Les visiteurs venus de 35 Etats connaissant une forte recrudescence de l'épidémie, comme les très peuplés Etats de Floride et du Texas, sont actuellement soumis à une quarantaine de deux semaines à leur arrivée à New York.

Afin de tenter de mieux faire respecter cette mesure, le maire Bill de Blasio a annoncé que les forces de l'ordre allaient installer "des points d'enregistrement des voyageurs" au niveau des principaux ponts et tunnels menant à la métropole à partir de jeudi.

Les voyageurs en provenance des Etats problématiques devront alors remplir un formulaire de santé.

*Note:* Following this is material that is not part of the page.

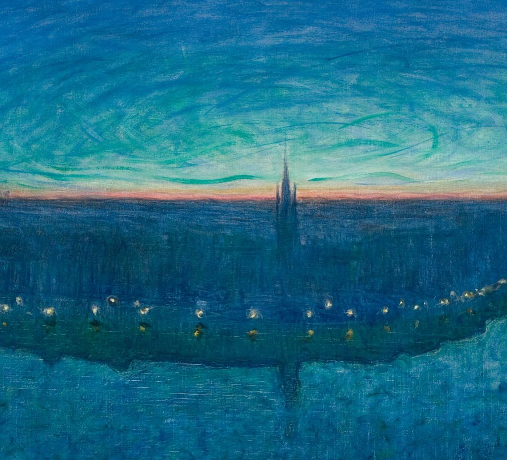 Meanwhile, in Stockholm, another specialist low-light artist Eugène Jansson was painting the capital in his Dawn Over Riddarfjärden from 1899. His soft squiggles of darker colour in the water become better defined in the sky, where they swirl calligraphically along the horizon.

Celui-ci doit aussi aider les autorités à faire un suivi des contacts en cas d'infection.

Les personnes arrivant dans les aéroports de New York doivent déjà remplir ce formulaire. Quiconque refuse de le faire risque une amende de 2.000 dollars.

"La ville de New York tient bon contre le Covid-19, et les New-Yorkais ont montré une discipline exemplaire", a déclaré M. de Blasio. "Nous n'allons pas laisser cet effort nous filer entre les doigts et nous allons continuer à faire tout ce qui est en notre pouvoir pour protéger la santé et la sécurité des New-Yorkais."

Les individus ne respectant pas la quarantaine imposée risquent une amende de 10.000 dollars.

Plus de 32.000 personnes sont mortes du Covid-19 dans l'Etat de New York, selon l'université Johns Hopkins.

La ville a été l'épicentre de l'épidémie américaine au printemps, mais a ensuite réussi à la maintenir sous contrôle, même lorsque les cas sont repartis à la hausse dans d'autres parties du pays à partir de la fin juin.